Exercise instructions:
Reproduce all the entries, matching the original word for word.

Excerpts from a dataset
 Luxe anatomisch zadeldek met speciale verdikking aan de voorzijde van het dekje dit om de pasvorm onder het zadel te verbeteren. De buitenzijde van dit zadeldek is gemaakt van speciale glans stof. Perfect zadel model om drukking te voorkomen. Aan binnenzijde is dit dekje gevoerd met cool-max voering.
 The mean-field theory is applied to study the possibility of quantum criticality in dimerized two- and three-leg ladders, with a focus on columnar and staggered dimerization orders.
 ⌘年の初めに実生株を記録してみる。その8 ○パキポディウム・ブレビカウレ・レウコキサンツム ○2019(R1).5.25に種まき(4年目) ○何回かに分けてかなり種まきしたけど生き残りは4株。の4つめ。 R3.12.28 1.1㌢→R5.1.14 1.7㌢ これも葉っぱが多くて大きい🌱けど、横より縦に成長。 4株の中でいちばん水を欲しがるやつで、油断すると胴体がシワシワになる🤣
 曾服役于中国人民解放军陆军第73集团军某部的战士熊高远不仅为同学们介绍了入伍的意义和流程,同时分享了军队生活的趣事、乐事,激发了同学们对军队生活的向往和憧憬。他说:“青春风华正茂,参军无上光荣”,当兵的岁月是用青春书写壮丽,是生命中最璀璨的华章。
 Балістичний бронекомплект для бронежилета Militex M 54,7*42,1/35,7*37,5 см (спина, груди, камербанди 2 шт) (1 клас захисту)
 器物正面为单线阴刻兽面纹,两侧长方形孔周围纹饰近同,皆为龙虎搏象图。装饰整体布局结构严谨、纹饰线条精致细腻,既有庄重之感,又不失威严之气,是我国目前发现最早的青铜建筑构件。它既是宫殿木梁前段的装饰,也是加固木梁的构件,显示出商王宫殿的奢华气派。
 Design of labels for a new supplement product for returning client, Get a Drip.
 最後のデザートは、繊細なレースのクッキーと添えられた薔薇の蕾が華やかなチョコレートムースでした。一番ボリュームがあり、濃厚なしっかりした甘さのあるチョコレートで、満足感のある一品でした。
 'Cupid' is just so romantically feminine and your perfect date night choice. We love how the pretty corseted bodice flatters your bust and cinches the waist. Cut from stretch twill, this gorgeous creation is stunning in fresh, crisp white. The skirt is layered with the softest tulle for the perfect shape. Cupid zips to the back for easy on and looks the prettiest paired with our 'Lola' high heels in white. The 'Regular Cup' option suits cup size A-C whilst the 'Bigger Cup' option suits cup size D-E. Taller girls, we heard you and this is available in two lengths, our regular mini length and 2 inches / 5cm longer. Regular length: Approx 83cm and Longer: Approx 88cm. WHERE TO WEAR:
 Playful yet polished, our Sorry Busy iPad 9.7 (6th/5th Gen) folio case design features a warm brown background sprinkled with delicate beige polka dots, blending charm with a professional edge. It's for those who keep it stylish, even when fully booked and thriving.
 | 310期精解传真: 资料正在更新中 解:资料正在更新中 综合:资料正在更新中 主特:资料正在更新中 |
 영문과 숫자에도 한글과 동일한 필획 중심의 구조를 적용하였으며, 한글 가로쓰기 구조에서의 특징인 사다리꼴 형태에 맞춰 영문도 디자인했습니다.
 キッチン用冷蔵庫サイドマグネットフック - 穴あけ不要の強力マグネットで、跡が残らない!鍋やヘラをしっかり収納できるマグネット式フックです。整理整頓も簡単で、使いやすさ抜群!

Answer section:
 Luxe anatomisch zadeldek met speciale verdikking aan de voorzijde van het dekje dit om de pasvorm onder het zadel te verbeteren. De buitenzijde van dit zadeldek is gemaakt van speciale glans stof. Perfect zadel model om drukking te voorkomen. Aan binnenzijde is dit dekje gevoerd met cool-max voering.
 The mean-field theory is applied to study the possibility of quantum criticality in dimerized two- and three-leg ladders, with a focus on columnar and staggered dimerization orders.
 ⌘年の初めに実生株を記録してみる。その8 ○パキポディウム・ブレビカウレ・レウコキサンツム ○2019(R1).5.25に種まき(4年目) ○何回かに分けてかなり種まきしたけど生き残りは4株。の4つめ。 R3.12.28 1.1㌢→R5.1.14 1.7㌢ これも葉っぱが多くて大きい🌱けど、横より縦に成長。 4株の中でいちばん水を欲しがるやつで、油断すると胴体がシワシワになる🤣
 曾服役于中国人民解放军陆军第73集团军某部的战士熊高远不仅为同学们介绍了入伍的意义和流程,同时分享了军队生活的趣事、乐事,激发了同学们对军队生活的向往和憧憬。他说:“青春风华正茂,参军无上光荣”,当兵的岁月是用青春书写壮丽,是生命中最璀璨的华章。
 Балістичний бронекомплект для бронежилета Militex M 54,7*42,1/35,7*37,5 см (спина, груди, камербанди 2 шт) (1 клас захисту)
 器物正面为单线阴刻兽面纹,两侧长方形孔周围纹饰近同,皆为龙虎搏象图。装饰整体布局结构严谨、纹饰线条精致细腻,既有庄重之感,又不失威严之气,是我国目前发现最早的青铜建筑构件。它既是宫殿木梁前段的装饰,也是加固木梁的构件,显示出商王宫殿的奢华气派。
 Design of labels for a new supplement product for returning client, Get a Drip.
 最後のデザートは、繊細なレースのクッキーと添えられた薔薇の蕾が華やかなチョコレートムースでした。一番ボリュームがあり、濃厚なしっかりした甘さのあるチョコレートで、満足感のある一品でした。
 'Cupid' is just so romantically feminine and your perfect date night choice. We love how the pretty corseted bodice flatters your bust and cinches the waist. Cut from stretch twill, this gorgeous creation is stunning in fresh, crisp white. The skirt is layered with the softest tulle for the perfect shape. Cupid zips to the back for easy on and looks the prettiest paired with our 'Lola' high heels in white. The 'Regular Cup' option suits cup size A-C whilst the 'Bigger Cup' option suits cup size D-E. Taller girls, we heard you and this is available in two lengths, our regular mini length and 2 inches / 5cm longer. Regular length: Approx 83cm and Longer: Approx 88cm. WHERE TO WEAR:
 Playful yet polished, our Sorry Busy iPad 9.7 (6th/5th Gen) folio case design features a warm brown background sprinkled with delicate beige polka dots, blending charm with a professional edge. It's for those who keep it stylish, even when fully booked and thriving.
 | 310期精解传真: 资料正在更新中 解:资料正在更新中 综合:资料正在更新中 主特:资料正在更新中 |
 영문과 숫자에도 한글과 동일한 필획 중심의 구조를 적용하였으며, 한글 가로쓰기 구조에서의 특징인 사다리꼴 형태에 맞춰 영문도 디자인했습니다.
 キッチン用冷蔵庫サイドマグネットフック - 穴あけ不要の強力マグネットで、跡が残らない!鍋やヘラをしっかり収納できるマグネット式フックです。整理整頓も簡単で、使いやすさ抜群!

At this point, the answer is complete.